━━━━━ EXTRACTED RECORDS

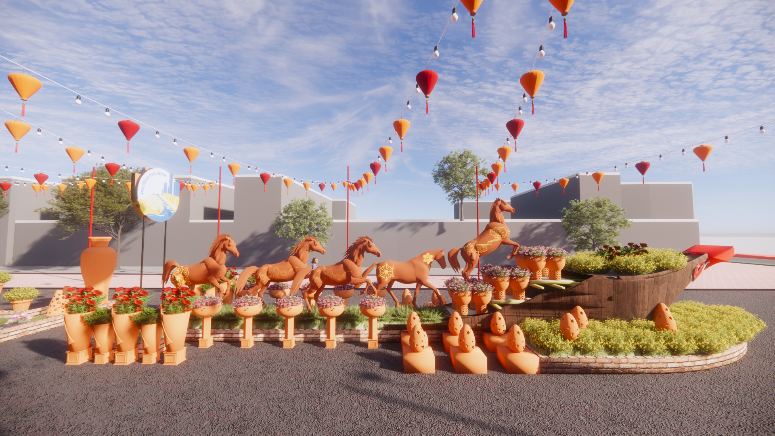 Tại cầu Kênh Ngang số 7, sẽ được thiết kế linh vật ngựa và hoa. Ảnh đồ họa
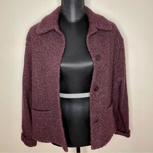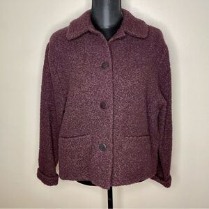 Vintage Eileen Fisher Wool Coat Boucle Button Front Coatigan Purple Size Medium
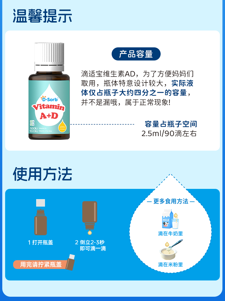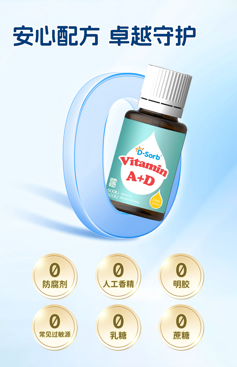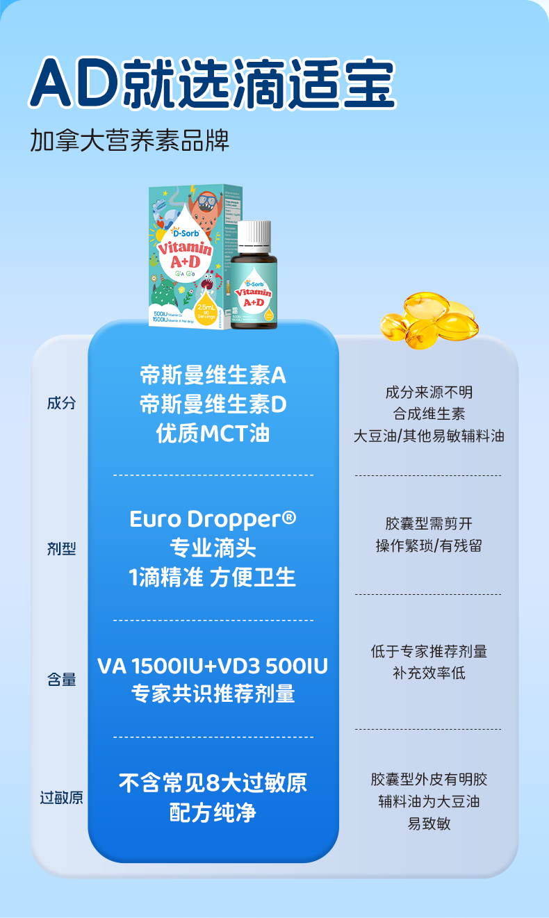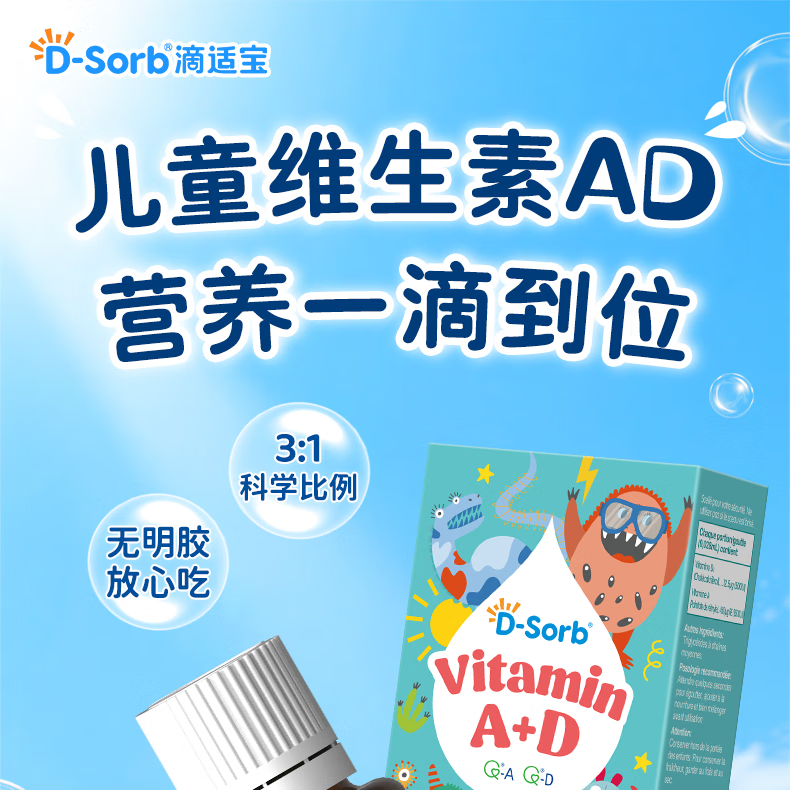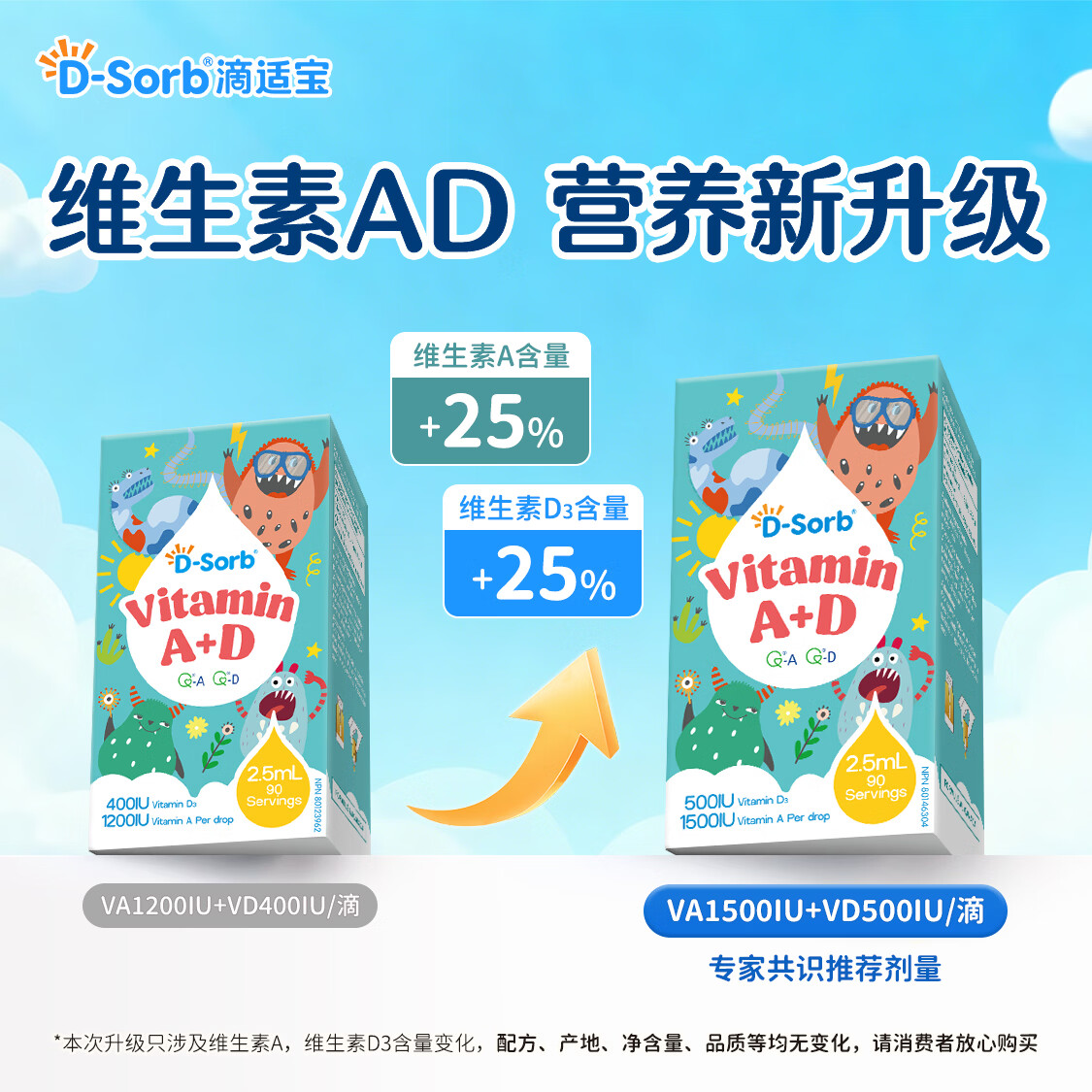 D-Sorb滴适宝维生素AD滴剂儿童维生素ad滴剂ADvd3滴剂加拿大原装进口 维生素AD滴剂1瓶装 2.5ml*1瓶
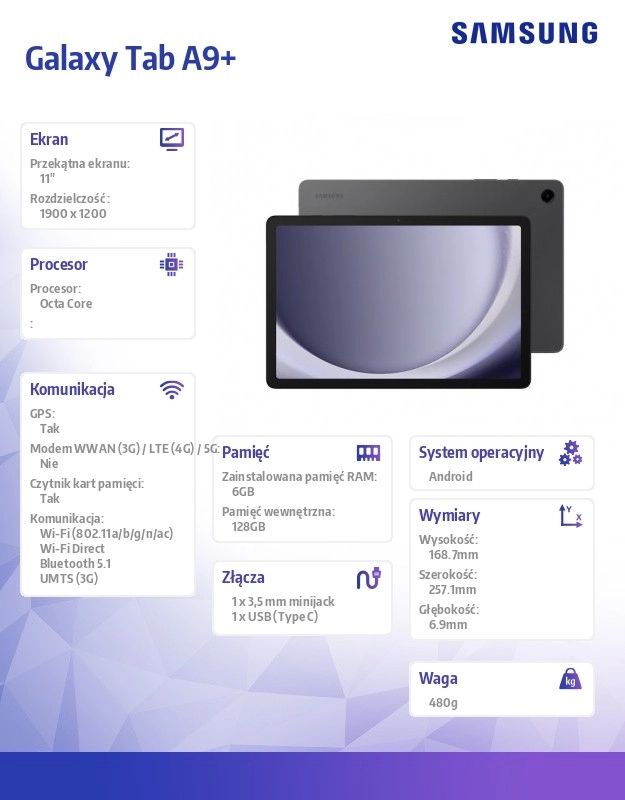 Stylový tablet Samsung Galaxy Tab A9+ nabízí velký displej pro zábavu i práci, rychlé Wi‑Fi připojení, solidní výkon a 128 GB úložiště v tenkém a lehkém těle. Ideální pro filmy, hry, prohlížení webu i učení na cestách.
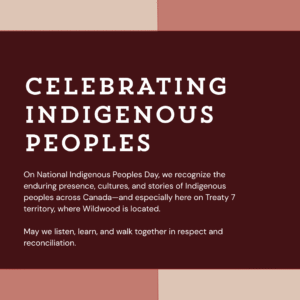 Today we honour and celebrate the history, cultures, and contributions of First Nations, Inuit, and Métis peoples. Wildwood is located on Treaty 7 territory, and we are grateful to live, work, and gather on this land.
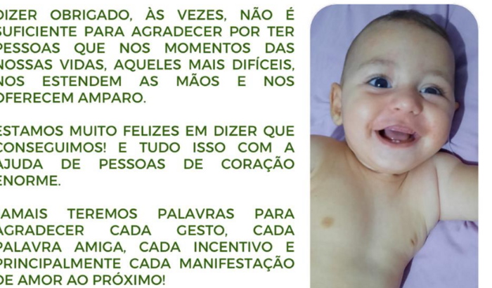 CONSEGUIMOS! Não imaginávamos e não tínhamos a dimensão que chegaríamos tão rápido no nosso objetivo. E, tudo isso, com o apoio de vocês. Queremos agradecer as pessoas maravilhosas que nos ajudaram neste momento tão difícil e delicado. Estamos muito felizes em saber que nosso Arthur terá amparo. Seremos eternamente gratos. Com carinho, mamãe Bruna e papai Ricardo.
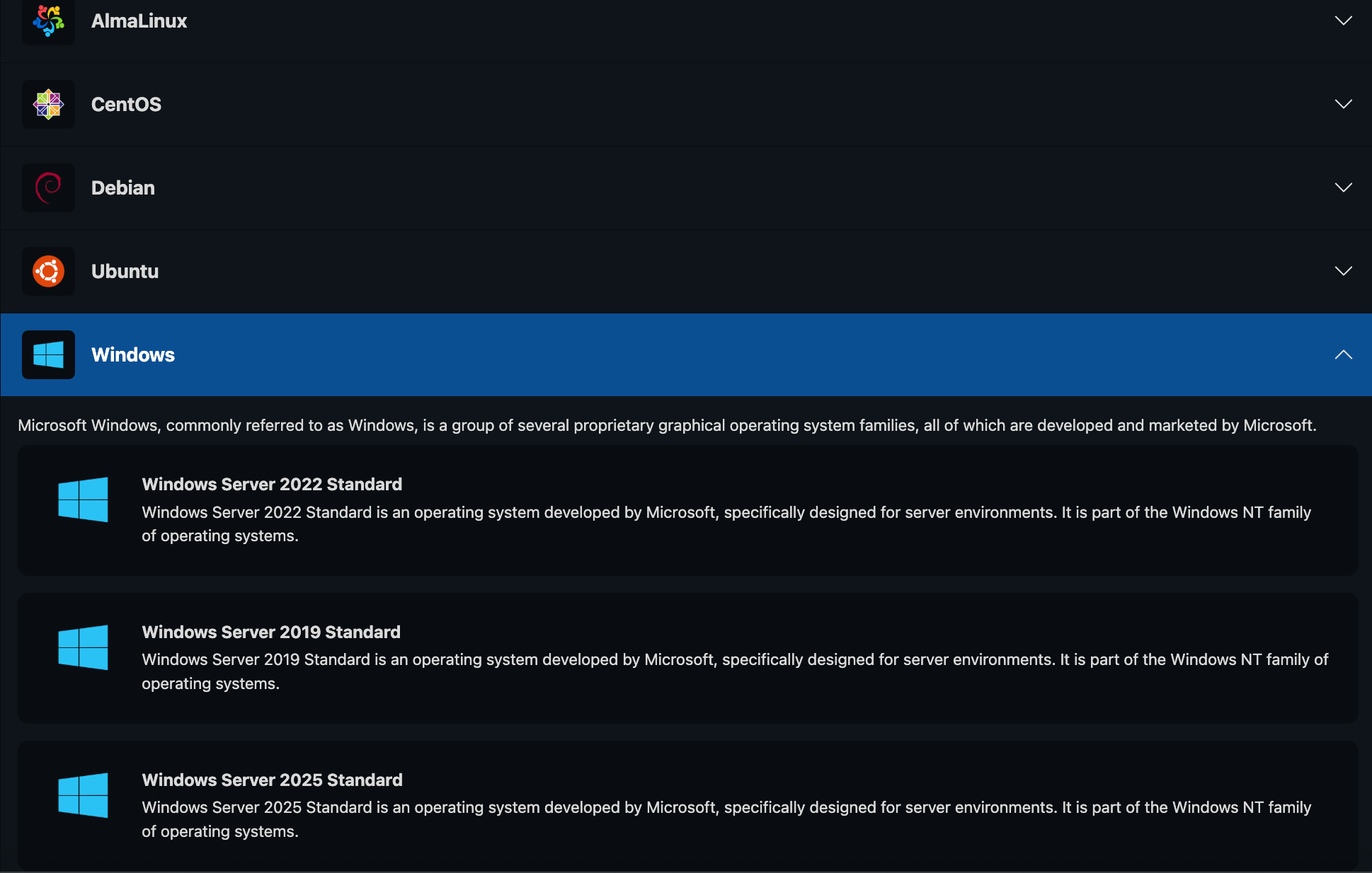 系统的选择上比较丰富,基本平时需要的系统类型都涵盖到,从Ubuntu到Debian和Centos,再到Windows系统(Windows2019、Windows2022、Windows2025)不支持自定义上传安装ISO系统。

━━━━━━━━━━

## YOUR INSTRUCTIONS
If a record contains a picture, leave the picture out and return everything else exactly.

## THE ANSWER
 Tại cầu Kênh Ngang số 7, sẽ được thiết kế linh vật ngựa và hoa. Ảnh đồ họa
 Vintage Eileen Fisher Wool Coat Boucle Button Front Coatigan Purple Size Medium
 D-Sorb滴适宝维生素AD滴剂儿童维生素ad滴剂ADvd3滴剂加拿大原装进口 维生素AD滴剂1瓶装 2.5ml*1瓶
 Stylový tablet Samsung Galaxy Tab A9+ nabízí velký displej pro zábavu i práci, rychlé Wi‑Fi připojení, solidní výkon a 128 GB úložiště v tenkém a lehkém těle. Ideální pro filmy, hry, prohlížení webu i učení na cestách.
 Today we honour and celebrate the history, cultures, and contributions of First Nations, Inuit, and Métis peoples. Wildwood is located on Treaty 7 territory, and we are grateful to live, work, and gather on this land.
 CONSEGUIMOS! Não imaginávamos e não tínhamos a dimensão que chegaríamos tão rápido no nosso objetivo. E, tudo isso, com o apoio de vocês. Queremos agradecer as pessoas maravilhosas que nos ajudaram neste momento tão difícil e delicado. Estamos muito felizes em saber que nosso Arthur terá amparo. Seremos eternamente gratos. Com carinho, mamãe Bruna e papai Ricardo.
 系统的选择上比较丰富,基本平时需要的系统类型都涵盖到,从Ubuntu到Debian和Centos,再到Windows系统(Windows2019、Windows2022、Windows2025)不支持自定义上传安装ISO系统。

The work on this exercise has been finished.